# New government plan for legal help to families in arrears



## Brendan Burgess (5 Jul 2016)

*Help plan on way for families in mortgage arrears*



"Ms Fitzgerald (pictured) first signalled the advice scheme in January and officials have said it is now ready to be put into action.

Under this advice scheme, a borrower in serious mortgage arrears and at risk of losing their home can access free advice and help from a solicitor, a personal-insolvency practitioner or an accountant, using a voucher system.

The Money Advice and Budgeting Service (Mabs) will be the first point of contact for accessing the service.

After an initial consultation, Mabs can direct the distressed mortgage holder to the professional best fixed to help.

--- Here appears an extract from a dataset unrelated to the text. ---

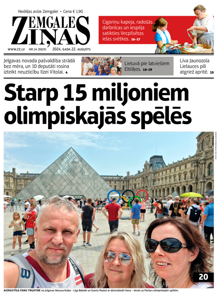 Jaunākajā laikraksta “Zemgales Ziņas” numurā (22.08.2024) lasiet: *Jelgavas novada pašvaldība strādā bez mēra, un 10 deputāti rosina izteikt neuzticību Ilzei Vītolai. *Dārzs applūst nekopta novadgrāvja dēļ. *Lietuvā pie latviešiem Eltišķos. *Līva Jaunozola Lielauces pili atgriež apritē.

Mabs will be able to give a voucher for a borrower to have a face-to-face consultation with a solicitor for legal advice.

A duty solicitor will also be on hand at the repossession courts and available to help represent a distressed mortgage holder."

I don't think that this will make much difference.  Most of the cases we see in court involve people who pay nothing and don't show up in court. If they go to MABS, they won't like the advice that they should actually start paying something. 

Most of the people who do show up, don't need a solicitor as there are rarely any legal issues involved. 

It may help those who are genuinely scared of the court. 

Brendan


----------